Consolidating the life-crafting literature using an AI-assisted systematic literature review significantly extends the crafting and meaning-making literature. Notably, we used stringent review and evaluation procedures to identify relevant records and evaluate the intersection of these records to promote an inclusive and delineated model (see Figure 2 ). Our model, Holistic Life-Crafting, pinpoints seven unique dimensions of life-crafting and highlights the unique behavioral expressions of each dimension. In this way, our model successfully consolidated the most relevant literature at the time of evaluation and produced a theoretically grounded framework to help researchers and theorists conceptualize how dynamic forms of crafting fit together. Moving forward, it will be important for researchers to evaluate the structure and formation of our model quantitatively. One unique way of accomplishing this goal is to construct and evaluate a multidimensional assessment tool. Specifically, researchers can design multi-tiered studies to construct and evaluate sets of items to determine the merit of our organizational model. It will be important for researchers to use new-wave psychometric procedures to verify the factor structure and stability of our model across time. To this end, it is recommended that researchers implement modern data driven or exploratory structural equation models ( Van Zyl and Ten Klooster, 2022 ; Van Zyl et al., 2023a ) in their studies. Such modeling techniques offer a more accurate representation of how related yet independent dimensions of a construct function together; it assesses how different dimensions intersect in complex models. Assessing intersection elements appears key in life-crating approaches as many dimensions are expected to have dynamic relationships ( Chen et al., 2022 ).
Despite efforts to conduct a thorough and comprehensive systematic literature review, a few limitations are worth noting. Although we employed various methods to ensure the inclusion of all potentially relevant texts and followed best practices for systematic reviews, some manuscripts may have been overlooked. Also, excluding gray literature may have resulted in a biased view of the crafting types, as popular psychology press books, dissertations, and theses that present alternative perspectives were not included. Future research might consider a more comprehensive literature analysis, including gray literature and non-academic texts. This may provide new insights which could expand the current model. Another potential limitation relates to the novelty of this study’s machine learning-based screening methods. The model was trained on initial predefined data, but there is currently no means to evaluate the margin of error in the model. This resulted in more time-consuming manual data checking to ensure no important records were missing. Additionally, given the magnitude of the study and the available data on different crafting types, the time frame of our approach was limited (1997–2022). Innovations and publications post-2022 were not included and should be considered in future research. Finally, the criteria for constructing the final holistic life-crafting model may pose challenges. In the current study, we decided to include elements that were present in at least two life domains. However, other elements may also be used in various life domains that science has not yet explored.

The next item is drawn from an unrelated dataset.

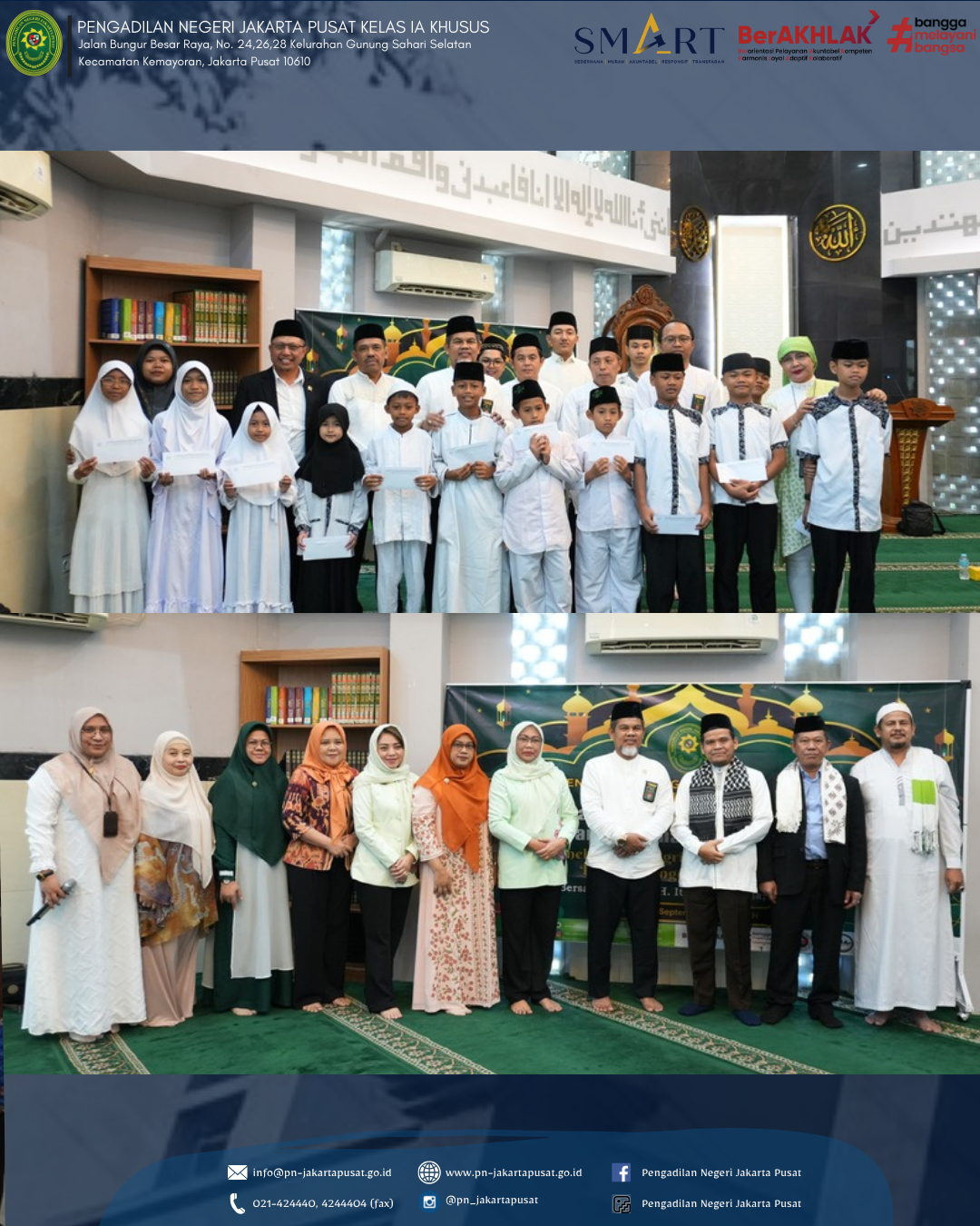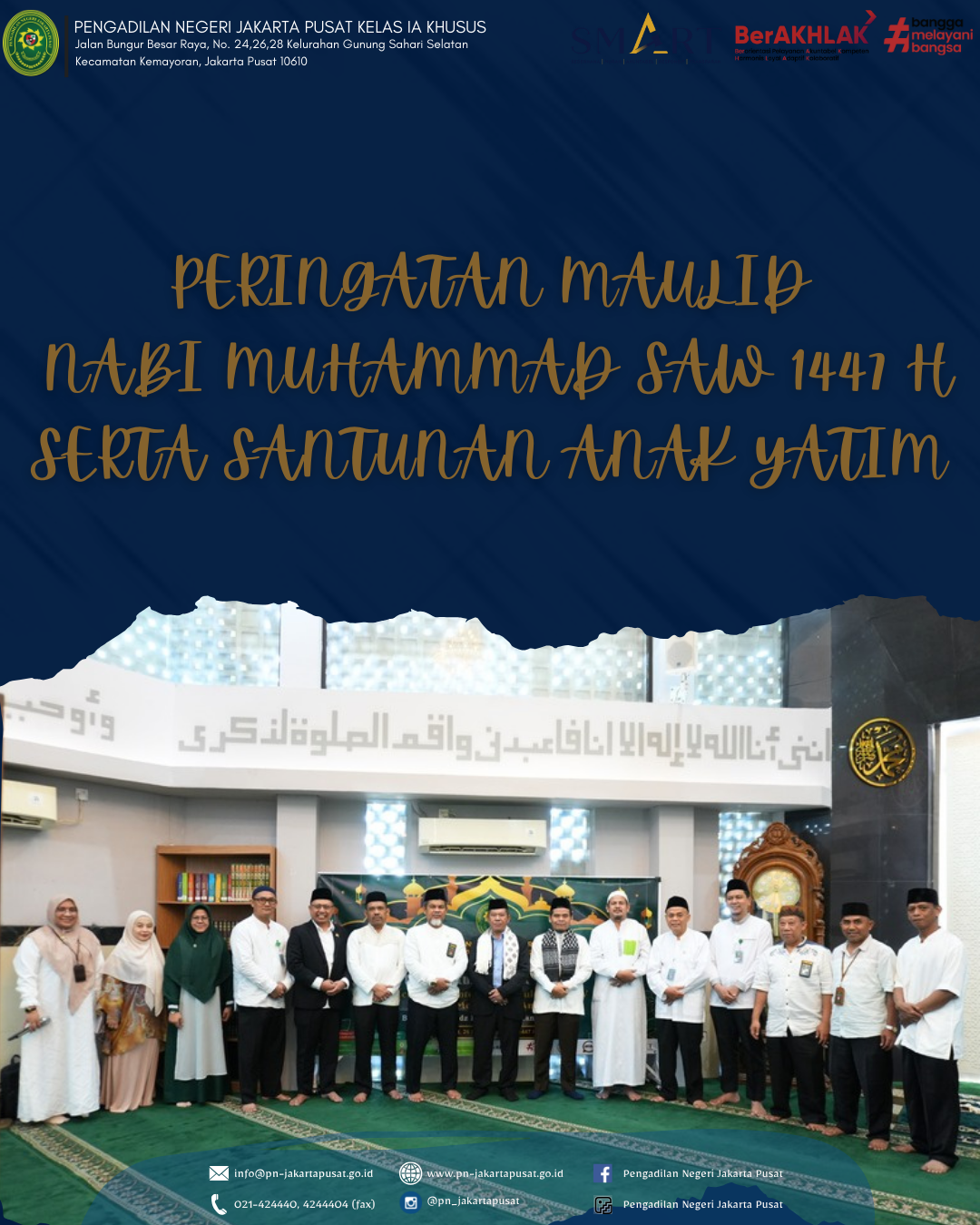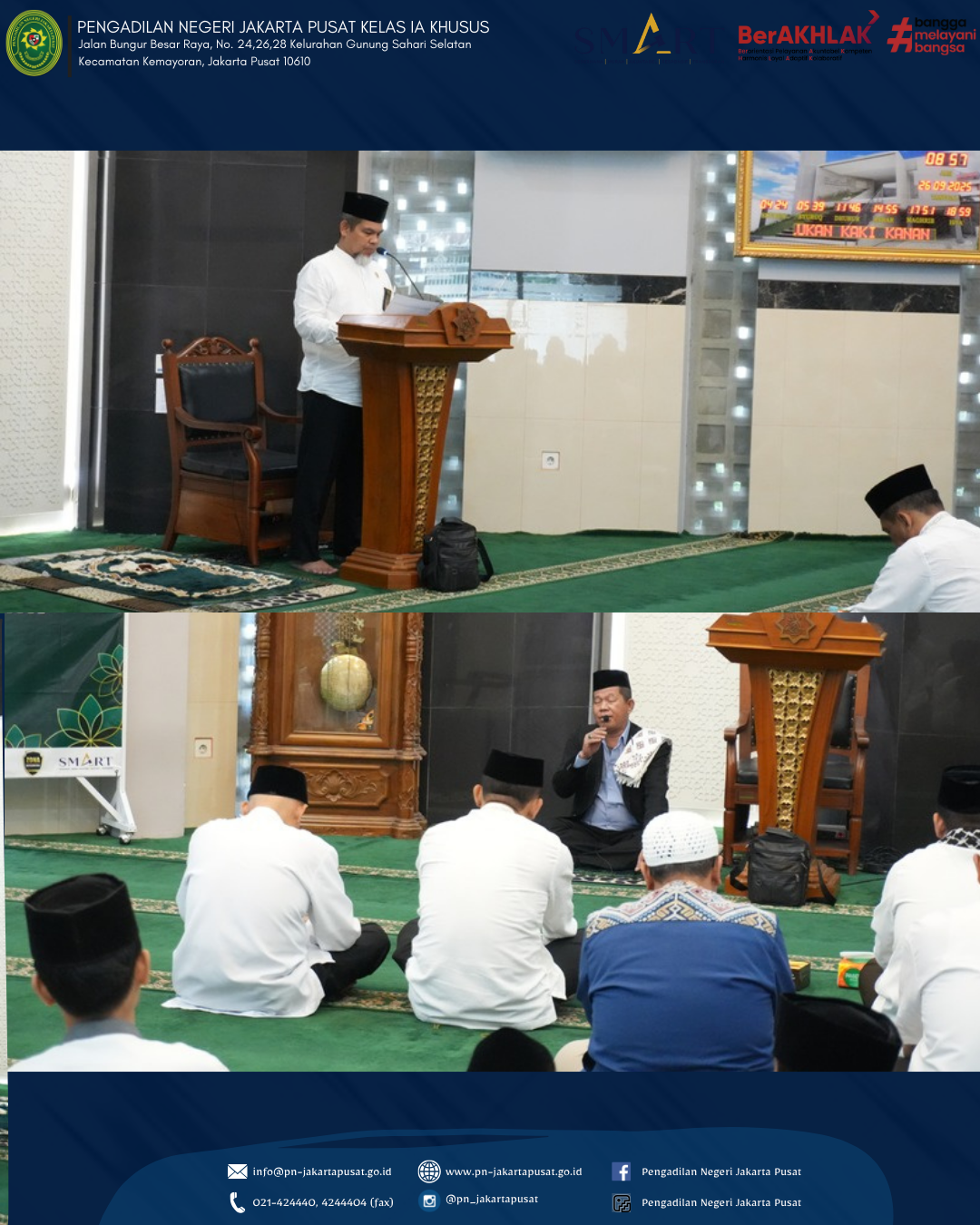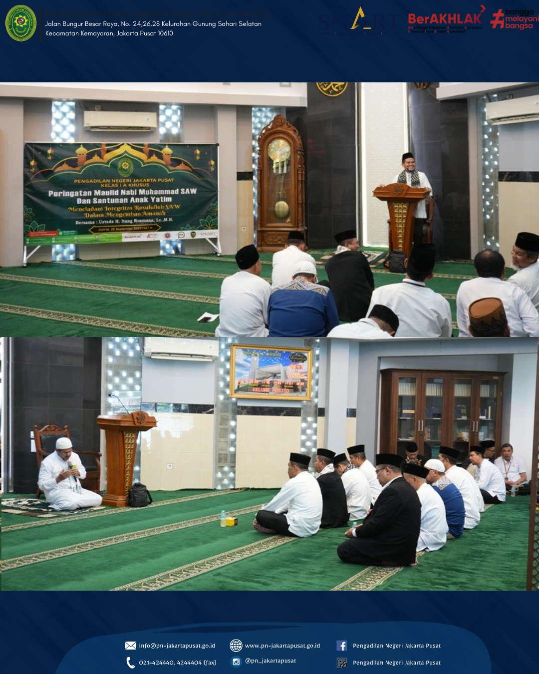Jumat, 29 September 2025 Dalam rangka memperingati Maulid Nabi Muhammad SAW 1447 H, Pengadilan Negeri Jakarta Pusat Kelas IA Khusus melakukan Acara Santunan Anak Yatim dan Peringatan Maulid Nabi Muhammad SAW yang mengusung tema "Meneladani Integritas Rasullah SAW Dalam Mengemban Amanah ". dengan mengundang Ustadz Itang Rusmana, Lc., M.H.

The holistic life-crafting model offers an integrative approach to support individuals in crafting meaningful life experiences by using strategies across various areas of their lives. Our results suggest considerable overlap in the behaviors and strategies people exhibit to craft meaning in different life domains, which signifies the universality of such a concept. Unlike domain-specific approaches, like job crafting or leisure crafting, holistic life-crafting highlights the importance of considering multiple dimensions of an individual’s life to pursuit purpose, meaning, and wellbeing.
Author contributions.
LZ: Conceptualization, Data curation, Formal analysis, Investigation, Methodology, Project administration, Software, Supervision, Visualization, Writing – original draft, Writing – review, editing. NC: Data curation, Formal analysis, Investigation, Software, Writing – original draft, Writing – review, editing. BD: Conceptualization, Investigation, Methodology, Supervision, Writing – original draft, Writing – review, editing. JK: Conceptualization, Investigation, Methodology, Supervision, Writing – original draft. LV: Writing – review, editing.
We would like to extend our appreciation to the two reviewers and the editor for their expert feedback and guidance throughout the editorial review process. Their comments and suggestions significantly improved the quality of the manuscript.

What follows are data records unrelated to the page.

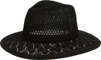 Dream of your next destination in this airy open stitched hat designed in a classic Panama silhouette with a wide brim to shield you from the sun.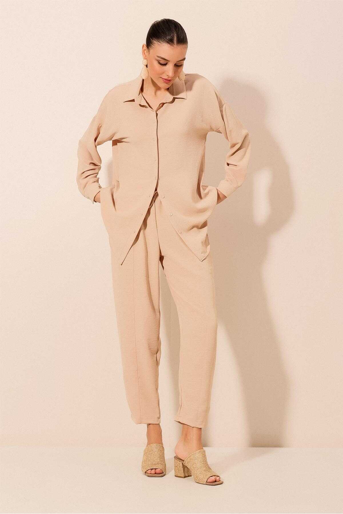 6593 Oversize İkili Takım - Bej - Kombin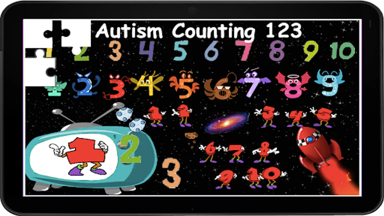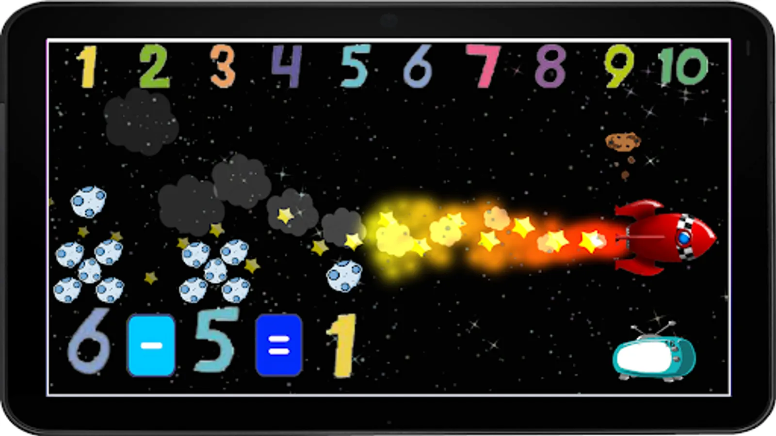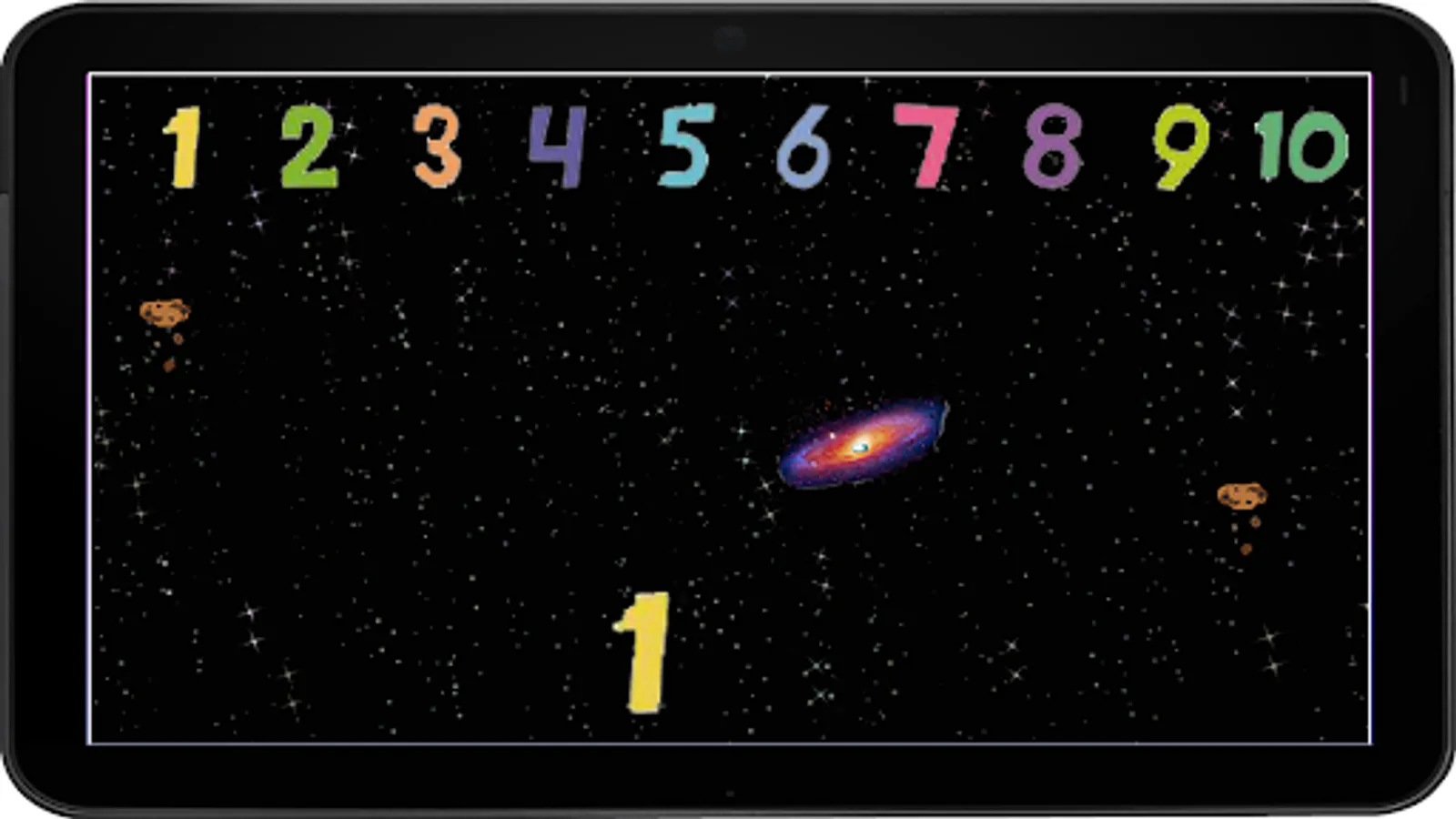 The number questions include associated quantities of satellites in sequential and random order as the game progresses. As the child learns the numbers the associated satellites disappear and the become more varied. The goal is to teach the child that each number is associated with a quantity of objects, rather than simply memorizing the number.

The author(s) declare that no financial support was received for the research, authorship, and/or publication of this article.
The authors declare that the research was conducted in the absence of any commercial or financial relationships that could be construed as a potential conflict of interest.
The author(s) declared that they were an editorial board member of Frontiers, at the time of submission. This had no impact on the peer review process and the final decision.
All claims expressed in this article are solely those of the authors and do not necessarily represent those of their affiliated organizations, or those of the publisher, the editors and the reviewers. Any product that may be evaluated in this article, or claim that may be made by its manufacturer, is not guaranteed or endorsed by the publisher.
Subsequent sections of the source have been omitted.